Another solution would be to take these transtec external raids which
are ide intern scsi extern. I have one (1.2TB) here and it is althoug a
bit slower pretty reliable so far...
I've had no bad experience with reiserfs on x86 hardware so far and it
gets pretty intensively used...
Soeren.
^ permalink raw reply [flat|nested] 42+ messages in thread
* Re: How to build a big file server
2003-06-05 9:59 ` Russell Coker
@ 2003-06-05 10:13 ` Heinz-Josef Claes
2003-06-05 10:25 ` Russell Coker
0 siblings, 1 reply; 42+ messages in thread
From: Heinz-Josef Claes @ 2003-06-05 10:13 UTC (permalink / raw)
To: Russell Coker; +Cc: reiserfs-list
Am Don, 2003-06-05 um 11.59 schrieb Russell Coker:
> On Thu, 5 Jun 2003 18:14, Heinz-Josef Claes wrote:
> > Here are some questions:
> >
> > - I plan to build a system with IDE 250GB drives. 7 of them for raid 5
> > and one hot spare. The OS will be on separate hardware raid 1 on smaller
> > disks. Does anybody have experience with IDE controlers for the big
> > disks? Is it better to use hardware raid oder software raid
> > (performance)?
>
> The sonsensus of opinion on the large-ide-arrays mailing list is that 3ware
> controllers are the best for hardware RAID on IDE.
>
> Software RAID performs better in almost all areas, however for RAID-5 the
> reliability of software RAID isn't as good as that of hardware RAID (NB only
> hardware RAID with NV-RAM write-back cache does the right thing - non-caching
> hardware RAID-5 is equal to software RAID-5 for reliability).
>
> Why have the OS on a different device? On all the RAID installations I've
> used which I regard as successful the OS has been on the same hardware.
>
My question also was about hardware or software raid. If I'm using
software raid, a hardware raid 1 for the OS is not a too bad idea.

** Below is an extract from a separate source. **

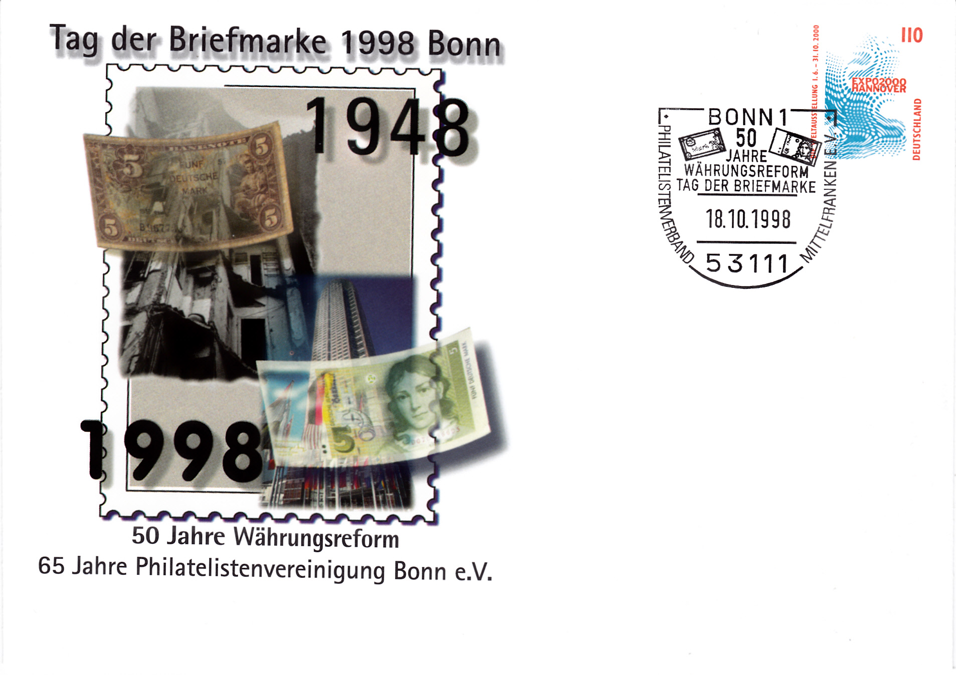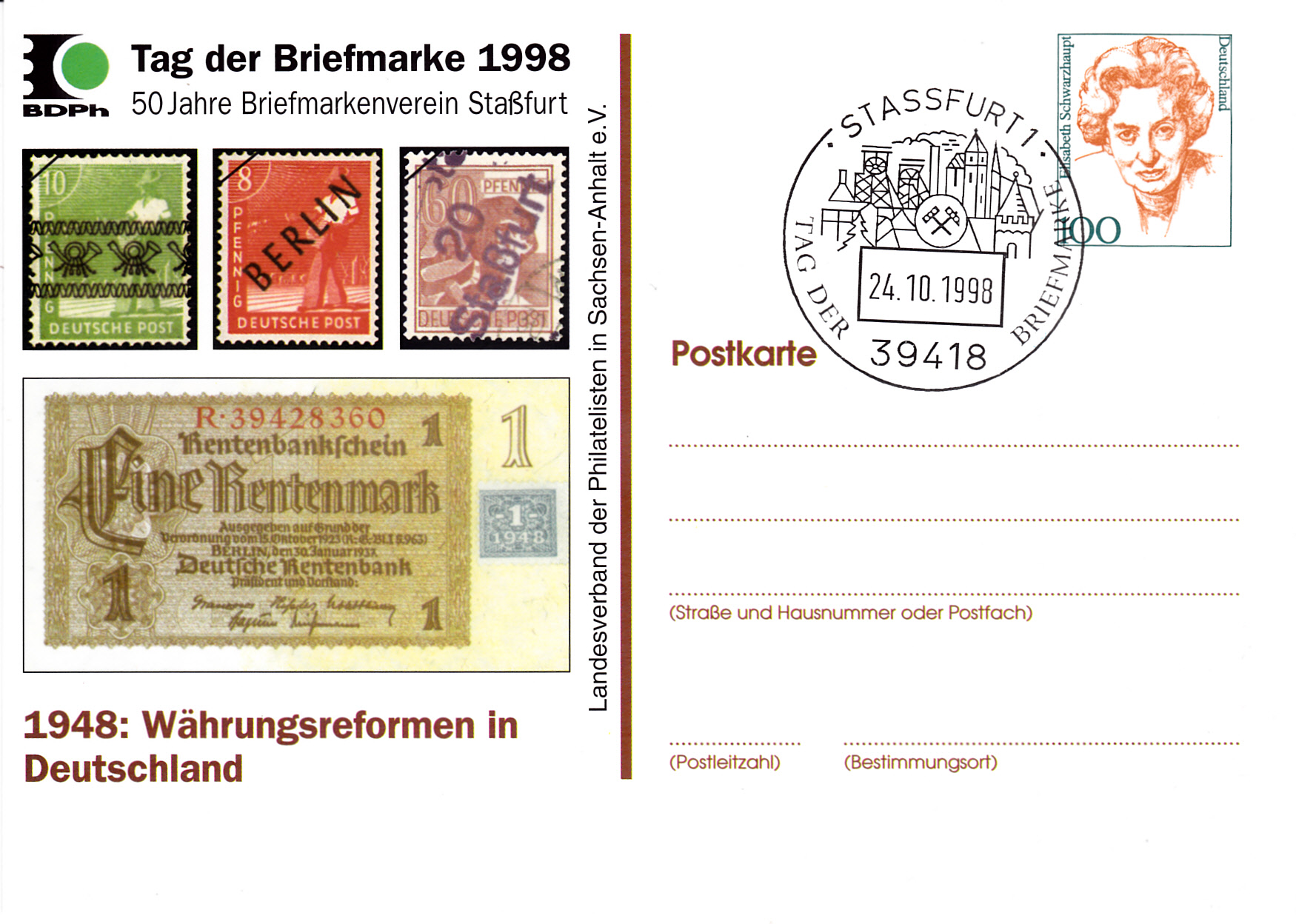 Ganzsache des LV der Philatelisten in Sachsen-Anhalt e.V. mit dem dazu passenden Sonderstempel vom 24.10.1998 aus Stassfurt zum Tag der Briefmarke 1998.

The other point is, that with the data (= raid 5 disks in my example),
separated from the OS, you are more flexible in case of a hardware
failure of the system. (I do not mean a disk failure.)
> > - At this time, we plan to use reiserfs. What are the advantages /
> > disadvantages of using the raid 1 for journaling for the (big) raid 5
> > (performance, recovery)? The system will be heavily used with
> > storebackup (www.sf.net/projects/storebackup) witch means that lots of
> > hard links have to be created as fast as possible.
>
> umem non-volatile RAM devices should perform best for journals. If you use
> journalled-data in ReiserFS (need patches - it's not in the main kernels) and
> put the journal on a umem device you should get some significant performance
> increases - better than you get for having a separate hardware setup for the
> OS. Also for 2.4.20 there are a few ReiserFS patches that you need for
> decent performance (which come along with the data-journalling patch). These
> patches have more than doubled the performance of some of my machines. I
> would expect that the SUSE kernel would include them already.
>
I use SuSE 8.2. It's much faster than the SuSE kernel in 8.1, even on my
ZIP drive at the parallel port ;)
> Also if using a umem device you want to try and move your most volatile data
> to it (EG a mail spool). A 1G umem device has space for a lot more than
> ReiserFS journals.
>
> The write-back cache in hardware RAID seems to be no more than about 128M.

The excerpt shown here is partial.